Activation-steering observations (“ContextFocus”): Layer selection is critical; maximal faithfulness improvements occur in intermediate layers (Llama-8B: layer 13, Mistral-7B: layer 11). Cosine similarity between steering vectors is $>0.9999$ with only 1,500 examples, evidencing rapid convergence and data efficiency.
Fluency and generative capability: Both Context-DPO and ContextFocus maintain baseline model fluency and factual ability, with metrics such as Natural Questions accuracy ( $>$ 93%) and TruthfulQA scores affected by less than 1%.

Context ablation demonstrates superior results when both context and system instruction signals are contrasted during activation-steering, compared to isolating either alone.

Efficiency studies confirm that activation steering in ContextFocus incurs negligible inference latency—matching standard forward-pass speed and outperforming contrastive decoding baselines by $3\text{--}4\times$ .

7. Significance and Applications

ConFiQA provides a controlled, large-scale environment to systematically interrogate LLMs’ behavior under retrieval-induced knowledge conflict. It enables granular comparison of context-following mechanisms, such as prompt engineering, supervised fine-tuning, direct preference optimization (Context-DPO), and activation steering (ContextFocus). A plausible implication is the benchmark’s utility for real-world RAG systems where external evidence may supersede pre-trained knowledge—for instance, in time-sensitive open-domain QA or domain-adaptive dialogue.
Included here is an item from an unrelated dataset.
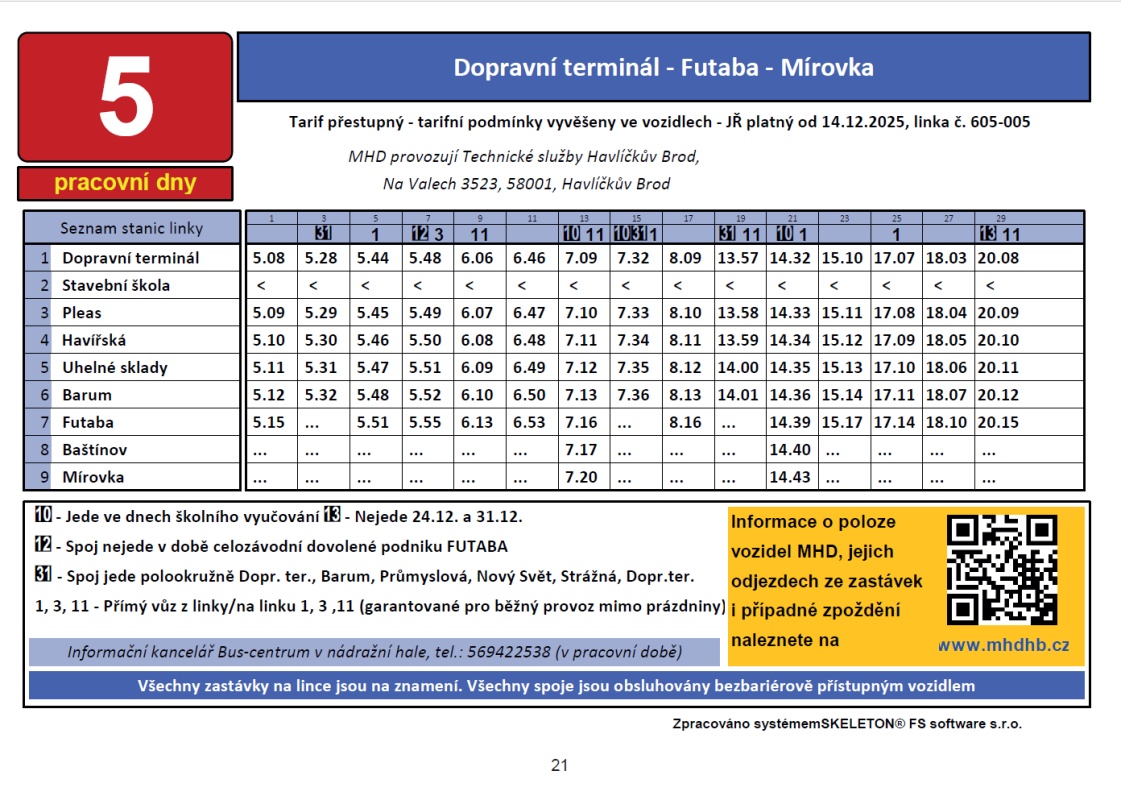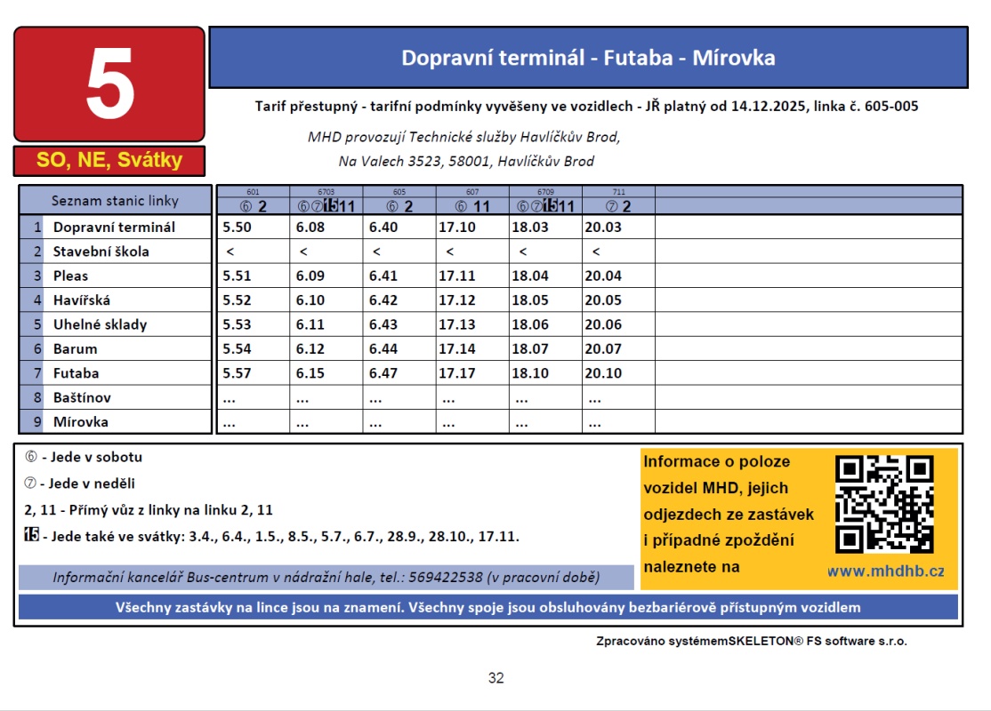 linka č. 5 od 14.12.2025

By rigorously quantifying reluctance to context and improvements in faithfulness, ConFiQA enforces stricter standards for LLM deployment in retrieval-augmented and update-demanding settings, driving advances in model alignment techniques capable of bridging the gap between static parametric memory and dynamic external information (Bi et al., 2024, Anand et al., 7 Jan 2026).